[Bug] Unable to create Qwen3 MoE model
How do I get ART to instantiate the model with FastModel instead of FastLanguageModel in Unsloth (Unsloth docs says: If you're fine-tuning the MOE models, please use FastModel and not FastLanguageModel)? I seem to be running into a model loading issue as seen from the error.

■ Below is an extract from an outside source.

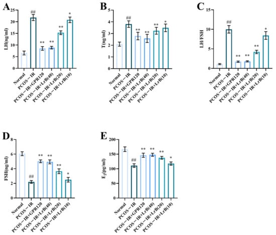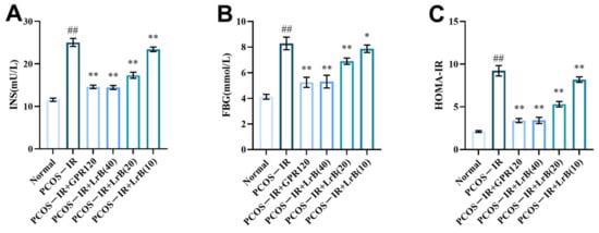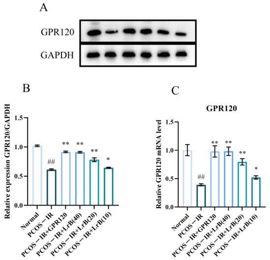 APA StyleWang, J., Huang, Z., Cao, Z., Luo, Y., Liu, Y., Cao, H., Tang, X., & Fang, G. (2024). Loureirin B Reduces Insulin Resistance and Chronic Inflammation in a Rat Model of Polycystic Ovary Syndrome by Upregulating GPR120 and Activating the LKB1/AMPK Signaling Pathway. International Journal of Molecular Sciences, 25(20), 11146. https://doi.org/10.3390/ijms252011146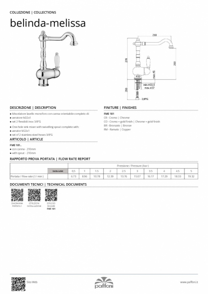 Bateria kuchenna Paffoni Belinda FME181RM miedź szczotkowana

model = art.TrainableModel(
name="001-script",
project="testing",
base_model="Qwen/Qwen3-30B-A3B-Thinking-2507",
_internal_config=art.dev.InternalModelConfig(
init_args=art.dev.InitArgs(
load_in_4bit=False,
max_seq_length=65536,
),
engine_args=art.dev.EngineArgs(
max_model_len=65536,
tensor_parallel_size=8,
gpu_memory_utilization=0.75,
),
),
)
await model.register(backend)
Error:
Traceback (most recent call last):
File "/root/openpipe/train.py", line 337, in <module>
asyncio.run(train())
File "/root/openpipe/.venv/lib/python3.11/site-packages/nest_asyncio.py", line 30, in run
return loop.run_until_complete(task)
^^^^^^^^^^^^^^^^^^^^^^^^^^^^^
File "/root/openpipe/.venv/lib/python3.11/site-packages/nest_asyncio.py", line 98, in run_until_complete
return f.result()
^^^^^^^^^^
File "/usr/lib/python3.11/asyncio/futures.py", line 203, in result
raise self._exception.with_traceback(self._exception_tb)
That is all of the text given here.